• How to complete this task
Your answer must be the exact lines of the listing below that run from the line with "National Physical Therapy" to the line with "- Jednoduché a", ends included, and no pictures.

Segment Start: Data provided

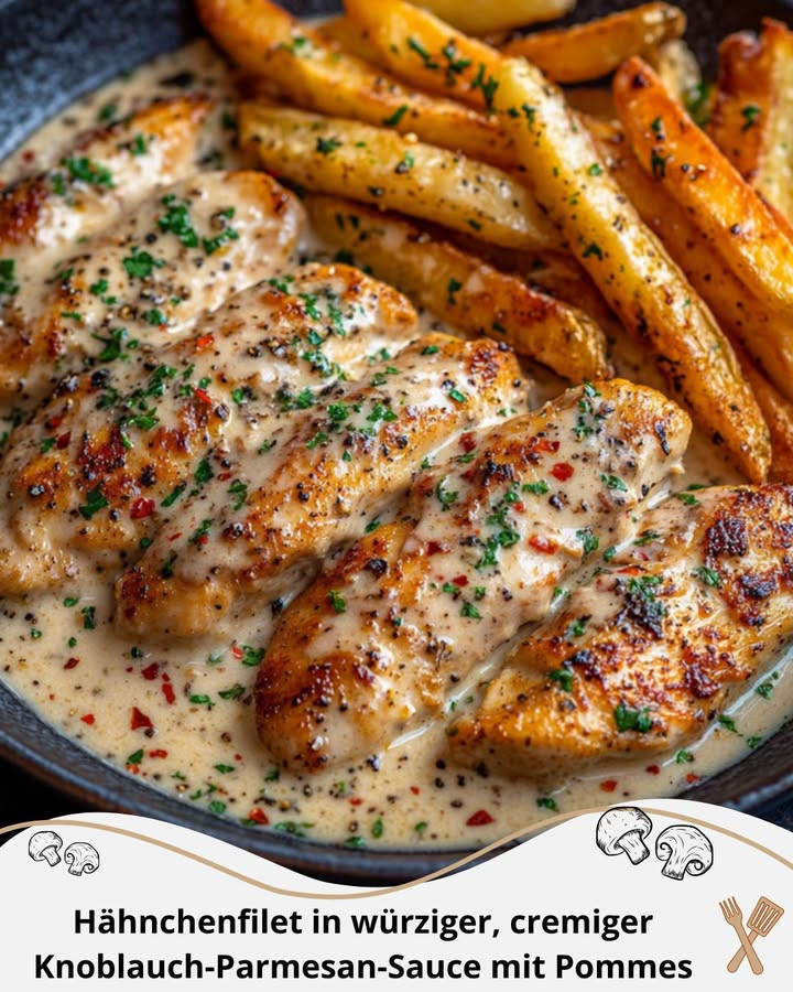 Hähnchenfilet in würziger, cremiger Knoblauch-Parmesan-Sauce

Segment End: Data provided
Segment Start: Data provided

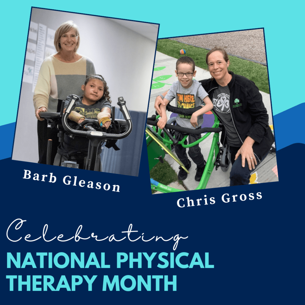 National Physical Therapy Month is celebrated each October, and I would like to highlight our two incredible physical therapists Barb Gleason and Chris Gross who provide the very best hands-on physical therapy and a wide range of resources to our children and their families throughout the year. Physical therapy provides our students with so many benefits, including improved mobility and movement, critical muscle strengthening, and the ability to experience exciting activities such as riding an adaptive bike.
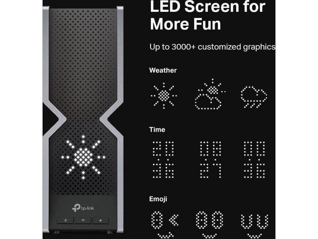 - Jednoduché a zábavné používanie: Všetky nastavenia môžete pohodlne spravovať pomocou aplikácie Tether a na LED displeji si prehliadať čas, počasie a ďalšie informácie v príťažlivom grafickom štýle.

Segment End: Data provided
Segment Start: Data provided

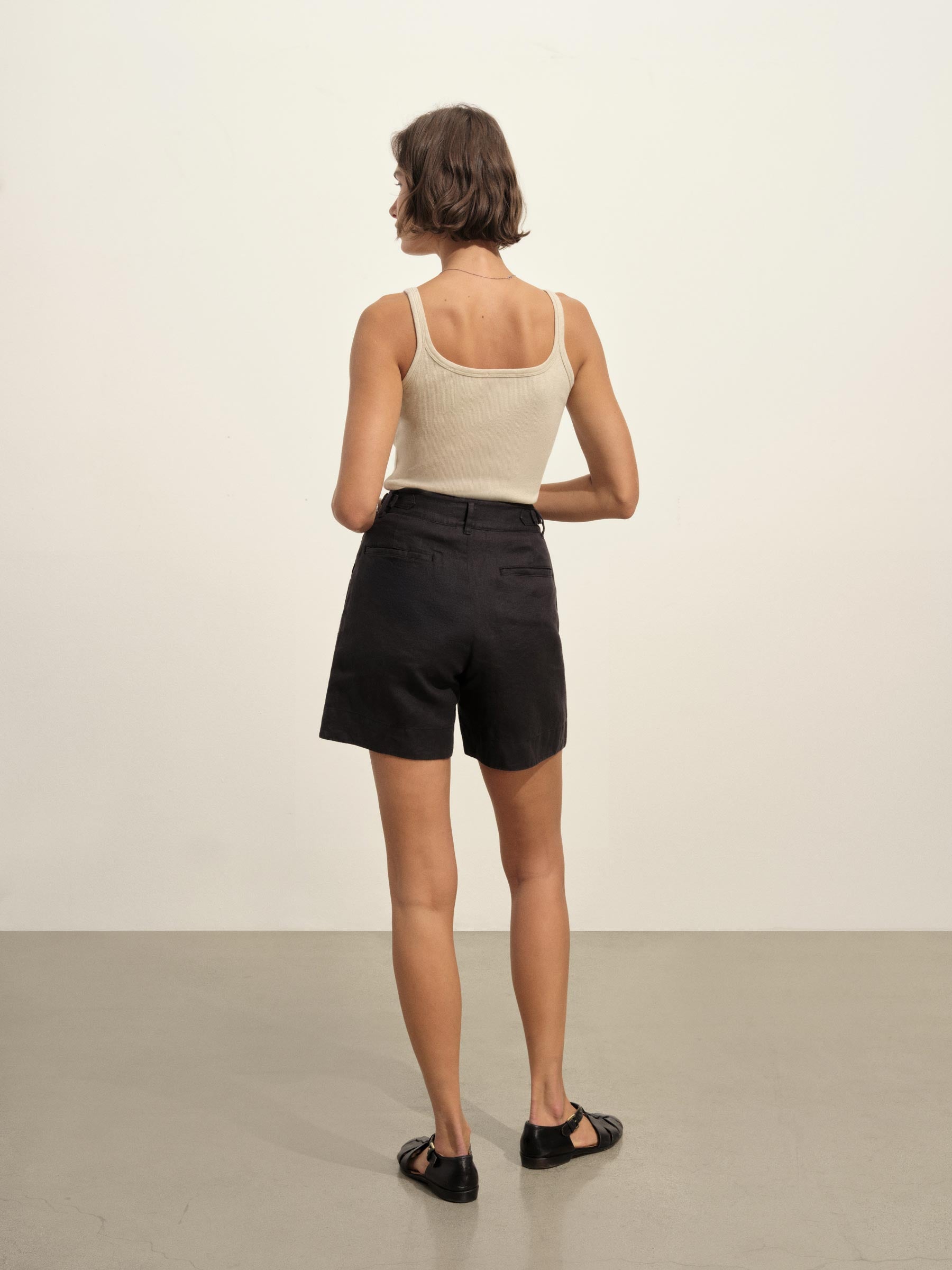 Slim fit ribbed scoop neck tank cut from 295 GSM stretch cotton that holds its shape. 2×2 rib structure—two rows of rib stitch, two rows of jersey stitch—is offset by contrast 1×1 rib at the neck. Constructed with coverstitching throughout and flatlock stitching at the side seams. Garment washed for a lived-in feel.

Segment End: Data provided

• Task output
 National Physical Therapy Month is celebrated each October, and I would like to highlight our two incredible physical therapists Barb Gleason and Chris Gross who provide the very best hands-on physical therapy and a wide range of resources to our children and their families throughout the year. Physical therapy provides our students with so many benefits, including improved mobility and movement, critical muscle strengthening, and the ability to experience exciting activities such as riding an adaptive bike.
 - Jednoduché a zábavné používanie: Všetky nastavenia môžete pohodlne spravovať pomocou aplikácie Tether a na LED displeji si prehliadať čas, počasie a ďalšie informácie v príťažlivom grafickom štýle.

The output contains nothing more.